Your task is to restate the listing word for word without the pictures.

_Supplied information_:

——

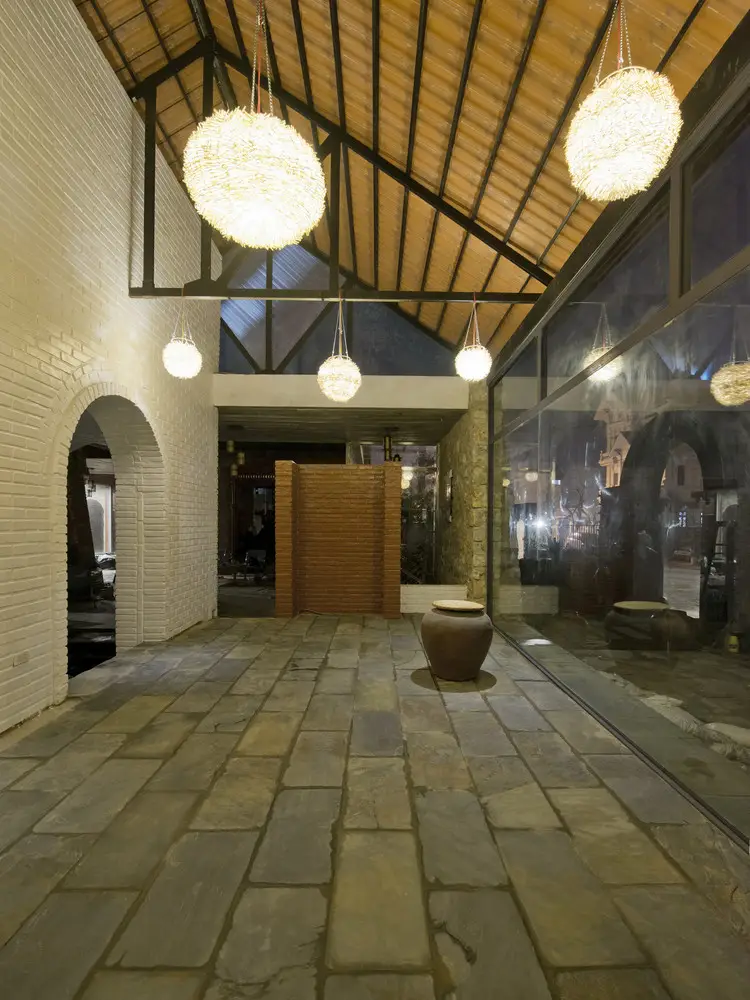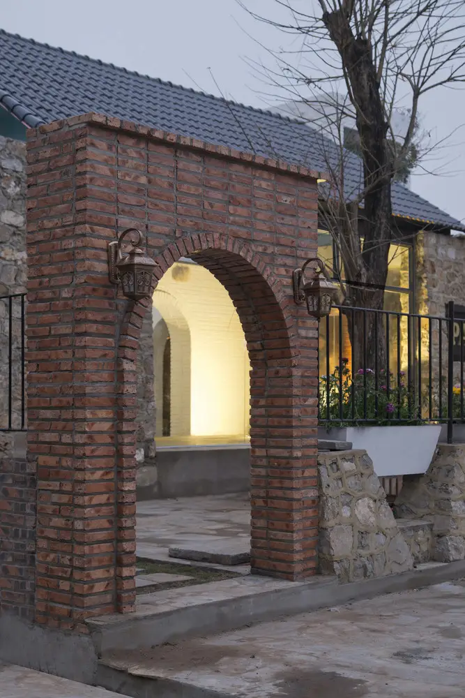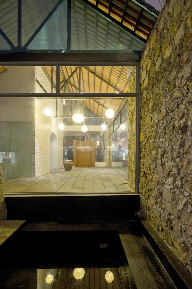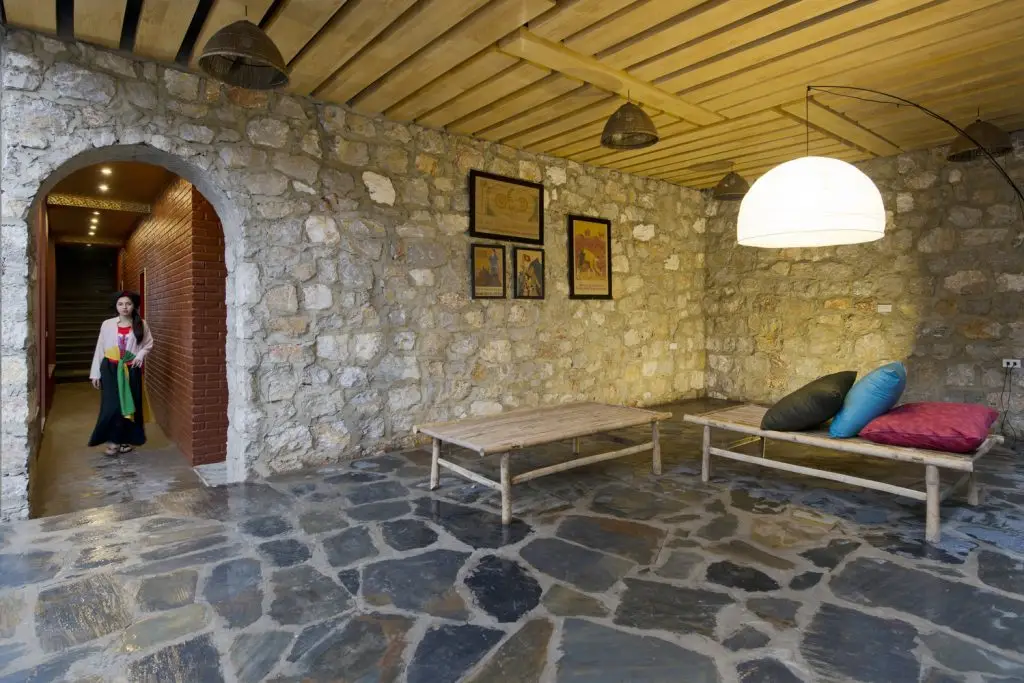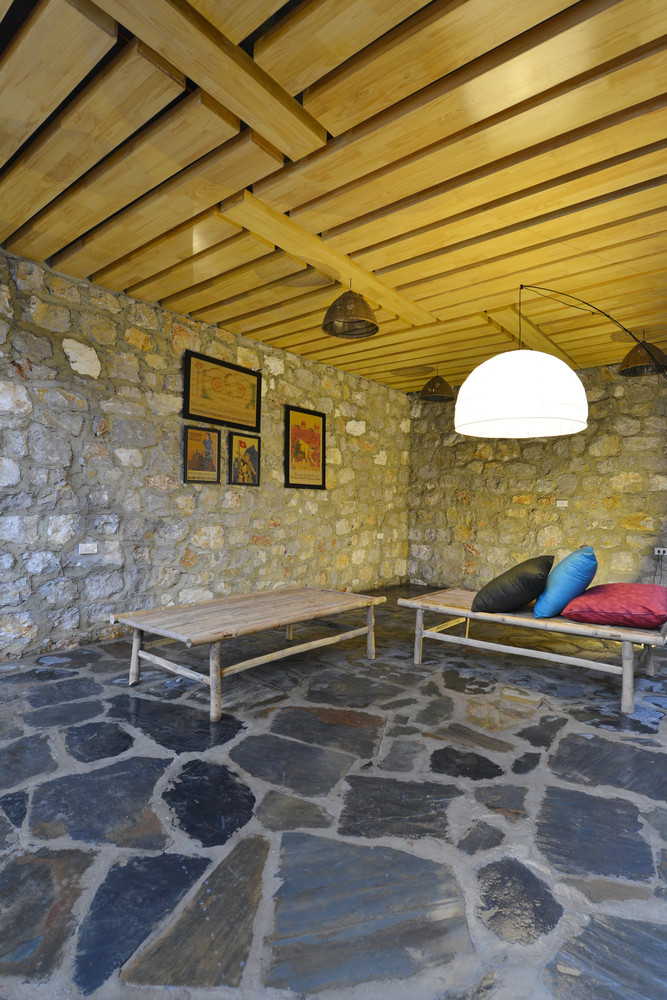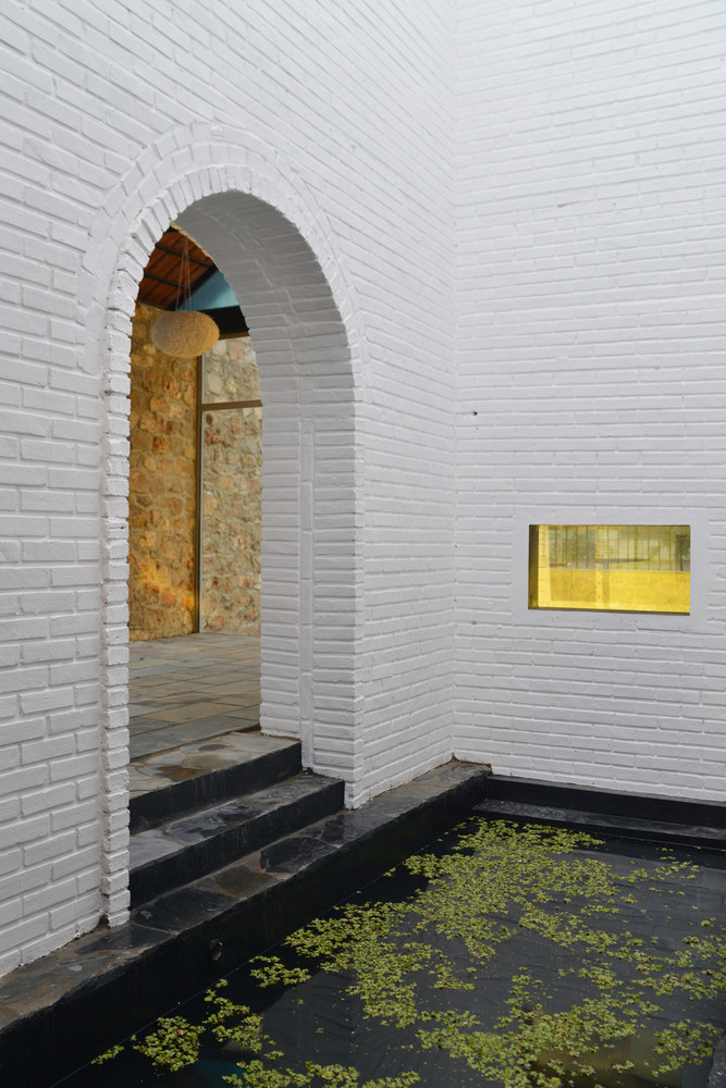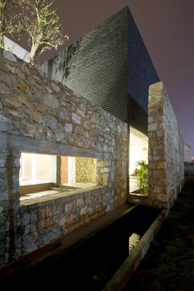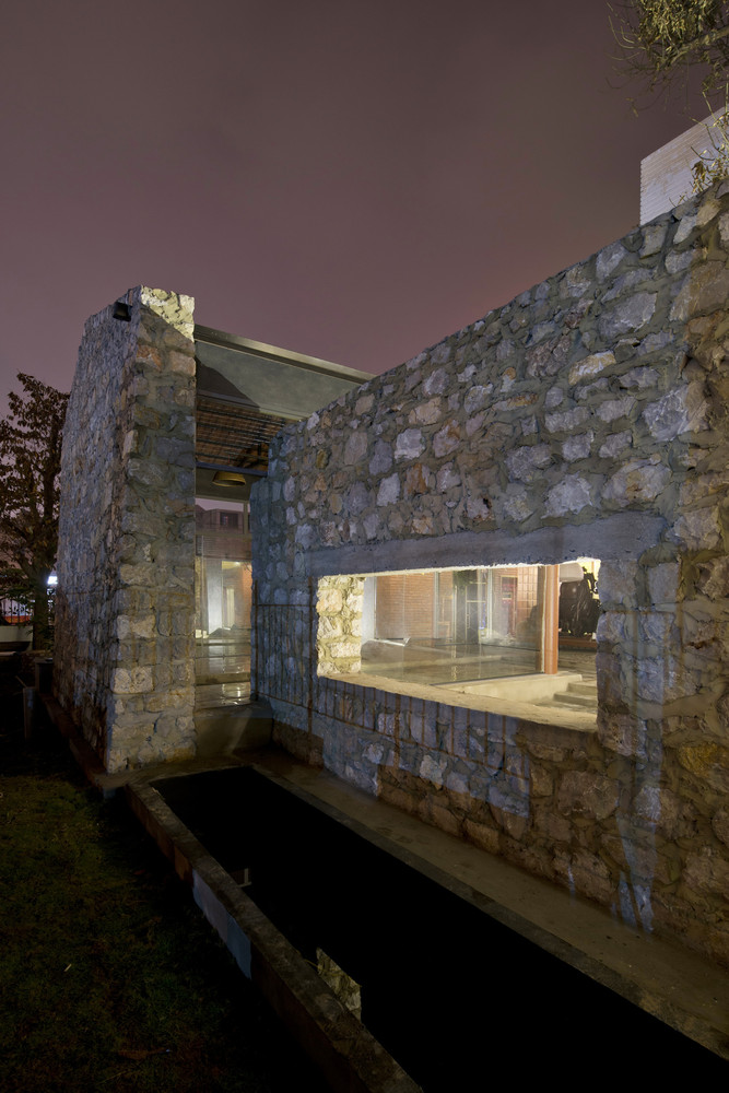 Công trình được tạo nên từ một loạt các bức tường đá (đá được lấy từ khu vực địa phương, do người dân địa phương xây dựng theo phương pháp truyền thống). Những bức tường dày 70 cm được kết hợp để tạo ra những không gian kiến trúc tương phản: Kín – Mở, Bên trong – Bên ngoài, Cũ – Mới, Mềm mại – Thô ráp.
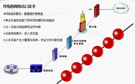 相比較傳統(tǒng)的網(wǎng)絡(luò)出口安全解決方案,網(wǎng)神NSG出口安全解決方案,簡(jiǎn)化了出口網(wǎng)絡(luò)的組成復(fù)雜度,降低了用戶管理維護(hù)難度和投入的費(fèi)用,減少了單點(diǎn)設(shè)備性能下降以及故障導(dǎo)致的整個(gè)網(wǎng)絡(luò)的瓶頸,高效整合的報(bào)表系統(tǒng),方便用戶的安全分析,有效降低了用戶的安全成本投入
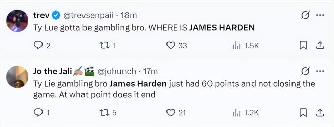3.泰-卢肯定是在赌博啊。詹姆斯-哈登去哪儿了?
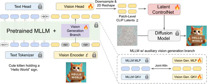 There is growing interest in integrating high-fidelity visual synthesis capabilities into large language models (LLMs) without compromising their strong reasoning capabilities. Existing methods that directly train LLMs or bridge LLMs and diffusion models usually suffer from costly training since the backbone LLMs have not seen image representations during pretraining. We present Bifrost-1, a unified framework that bridges pretrained multimodal LLMs (MLLMs) and diffusion models using patch-level CLIP image embeddings as latent variables, which are natively aligned with the MLLM’s CLIP visual encoder. These patch-level image embeddings are integrated into the diffusion model with a lightweight adaptation of its ControlNet. To retain the original multimodal reasoning capabilities of MLLMs, we equip the MLLM with a visual generation branch initialized from the original MLLM parameters when predicting the patch-level image embeddings. By seamlessly integrating pretrained MLLMs and diffusion models with patch-level CLIP latents, our framework enables high-fidelity controllable image generation with significant training efficiency. Our experiments demonstrate that Bifrost-1 achieves comparable or better performance than previous methods in terms of visual fidelity and multimodal understanding, with substantially lower compute during training. We also provide comprehensive ablation studies showing the effectiveness of our design choices.

——

_Answer section_:
 Công trình được tạo nên từ một loạt các bức tường đá (đá được lấy từ khu vực địa phương, do người dân địa phương xây dựng theo phương pháp truyền thống). Những bức tường dày 70 cm được kết hợp để tạo ra những không gian kiến trúc tương phản: Kín – Mở, Bên trong – Bên ngoài, Cũ – Mới, Mềm mại – Thô ráp.
 相比較傳統(tǒng)的網(wǎng)絡(luò)出口安全解決方案,網(wǎng)神NSG出口安全解決方案,簡(jiǎn)化了出口網(wǎng)絡(luò)的組成復(fù)雜度,降低了用戶管理維護(hù)難度和投入的費(fèi)用,減少了單點(diǎn)設(shè)備性能下降以及故障導(dǎo)致的整個(gè)網(wǎng)絡(luò)的瓶頸,高效整合的報(bào)表系統(tǒng),方便用戶的安全分析,有效降低了用戶的安全成本投入
3.泰-卢肯定是在赌博啊。詹姆斯-哈登去哪儿了?
 There is growing interest in integrating high-fidelity visual synthesis capabilities into large language models (LLMs) without compromising their strong reasoning capabilities. Existing methods that directly train LLMs or bridge LLMs and diffusion models usually suffer from costly training since the backbone LLMs have not seen image representations during pretraining. We present Bifrost-1, a unified framework that bridges pretrained multimodal LLMs (MLLMs) and diffusion models using patch-level CLIP image embeddings as latent variables, which are natively aligned with the MLLM’s CLIP visual encoder. These patch-level image embeddings are integrated into the diffusion model with a lightweight adaptation of its ControlNet. To retain the original multimodal reasoning capabilities of MLLMs, we equip the MLLM with a visual generation branch initialized from the original MLLM parameters when predicting the patch-level image embeddings. By seamlessly integrating pretrained MLLMs and diffusion models with patch-level CLIP latents, our framework enables high-fidelity controllable image generation with significant training efficiency. Our experiments demonstrate that Bifrost-1 achieves comparable or better performance than previous methods in terms of visual fidelity and multimodal understanding, with substantially lower compute during training. We also provide comprehensive ablation studies showing the effectiveness of our design choices.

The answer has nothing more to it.